CAIRO (Reuters) - Egyptian leftist politician Hamdeen Sabahi announced on Saturday he would be running for the presidency in a forthcoming election, enlivening a race that army chief Field Marshal Abdel Fattah al-Sisi is widely expected to win.
Sabahi came third in the 2012 election won by Mohamed Mursi of the Muslim Brotherhood, who was deposed by the army in July following mass protests against his rule.
“My personal decision as a citizen is to run for the coming presidential elections,” Sabahi said in a public address to supporters. “Hamdeen Sabahi’s battle is the battle of the revolution,” he said.
Sabahi, 59, built a big following during his campaign for the 2012 election, using a popular touch to beat candidates with better funded campaigns.
The dearth of candidates ahead of this election provides a stark contrast to the 2012 vote, the first time Egyptians were allowed to freely choose their head of state.

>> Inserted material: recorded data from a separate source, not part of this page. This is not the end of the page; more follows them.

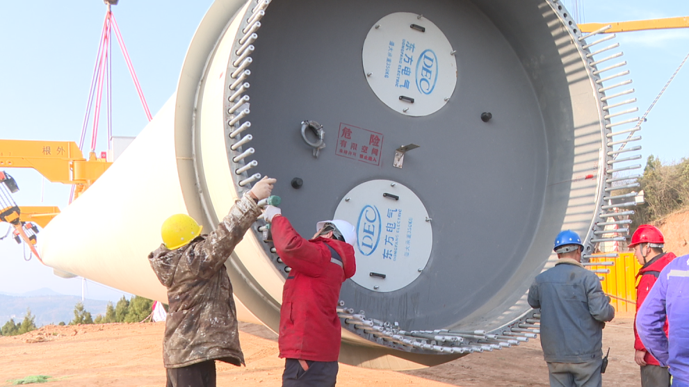 在江口镇高堂村,省重点项目中节能广元市剑阁三期项目土建工程已全面完成,眼下,正在进行风力发电机组叶片吊装。在工作人员的熟练操作下,总长96米,重达26吨的叶片正缓缓吊起,精准地安装到轮毂变桨轴承上。像这样一台风力发电机组,大概需要两天就可以完成。
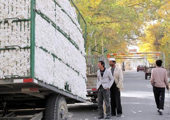 眼下正是新疆棉花收購高峰期,雖然豐收已成定局,但由于市場(chǎng)疲軟,棉價(jià)低迷,棉農(nóng)普遍增產(chǎn)不增收。在此情形下,位于塔里木盆地的阿瓦提縣和駐地一些涉農(nóng)機(jī)構(gòu)卻設(shè)置關(guān)卡,向出外售棉的農(nóng)民收費(fèi),《經(jīng)濟(jì)參考報(bào)》記者暗訪發(fā)現(xiàn),在其中一條短短200米的售棉路上,要運(yùn)一車棉花過去,農(nóng)民要繳費(fèi)兩次,少則一二百元,多則三四百元。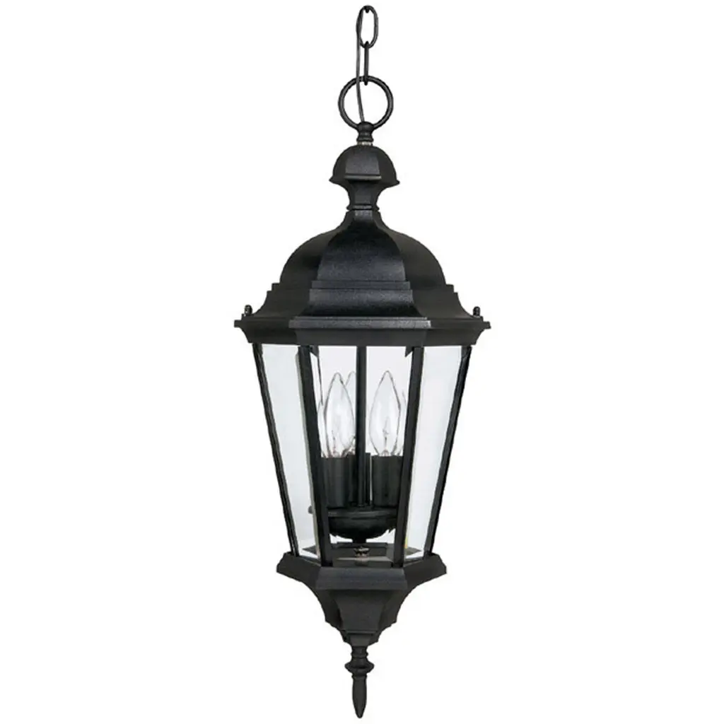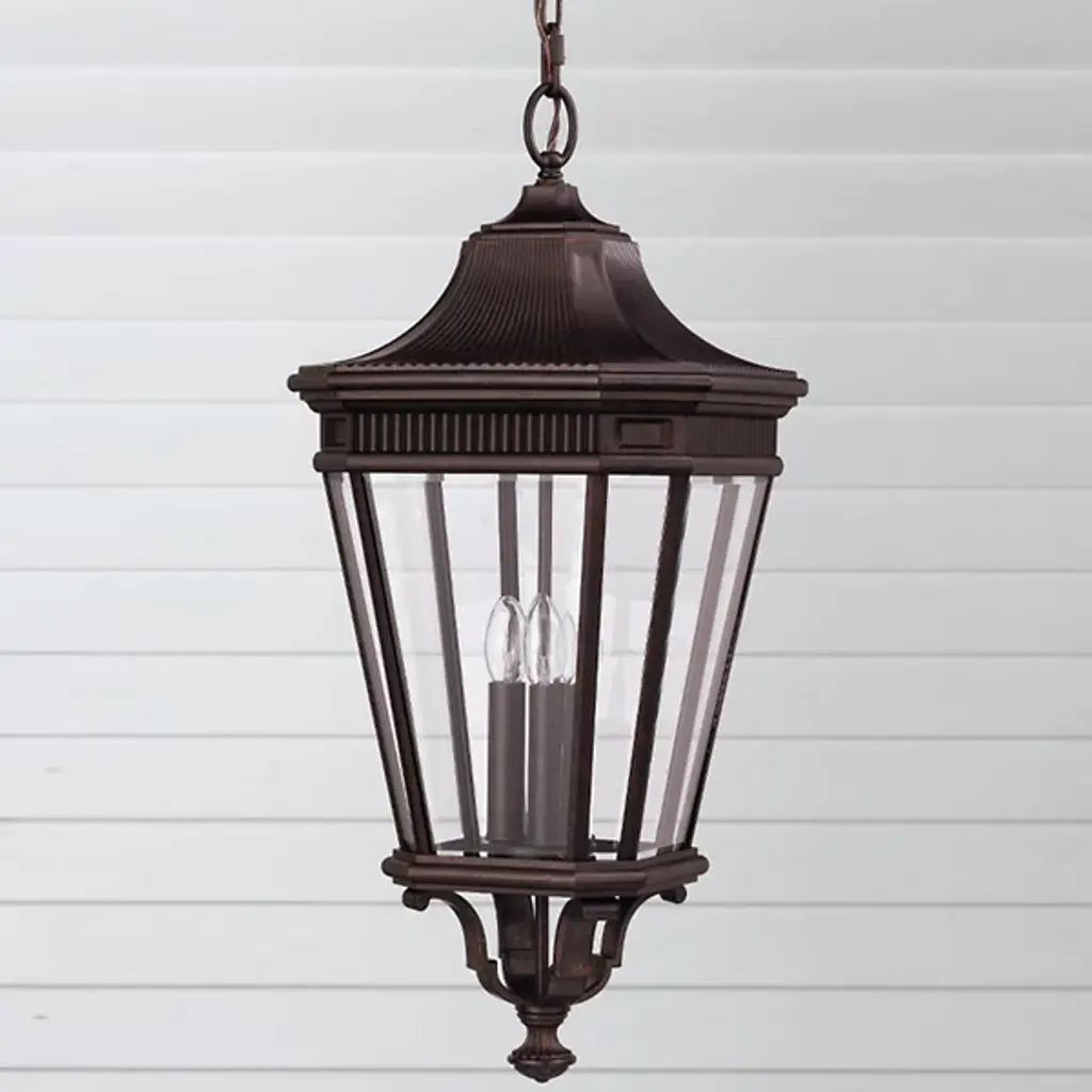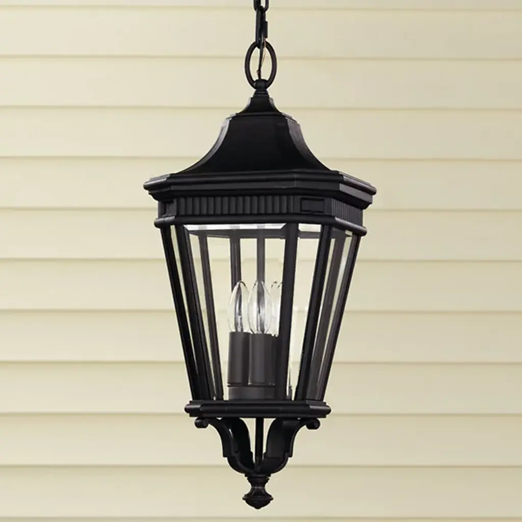 The Generation Lighting, formerly known as Feiss, Cotswold Lane Outdoor Pendant offers simple yet elegant lighting for the front entryway, its early American look strongly influenced by the beautiful English countryside of the Cotswolds. Clear beveled glass offers bright, welcoming light for a variety of home architecture styles.

Abdel Moneim Abol Fotouh, a moderate Islamist who came fourth in that vote, has said he does not plan to run, saying the current circumstances are neither free nor democratic.
Members of his party were detained in January while campaigning against a new constitution passed in a referendum.
Since Mursi was deposed, hundreds of his supporters have been killed and thousands arrested in a state crackdown on the Brotherhood, Egypt’s best organized party until last year.
Some of Egypt’s best known secular dissidents have also been jailed in recent months for protesting without permission.
Sisi, 59, seems certain to win the election, though he has yet to formally declare his candidacy.
He is popular among many Egyptians who were relieved to see the end of Mursi’s rule and who see him as the kind of strong leader needed to stabilize a country in crisis.
He has been lionized by state and privately owned media.
The election is expected as early as April.
Hassan Nafaa, a professor of political science at Cairo University, said Sabahi’s decision could encourage more candidates to run, adding that a more competitive vote would bolster a Sisi presidency.
“It is in his favor to win by 60 percent rather than 90 percent,” he said.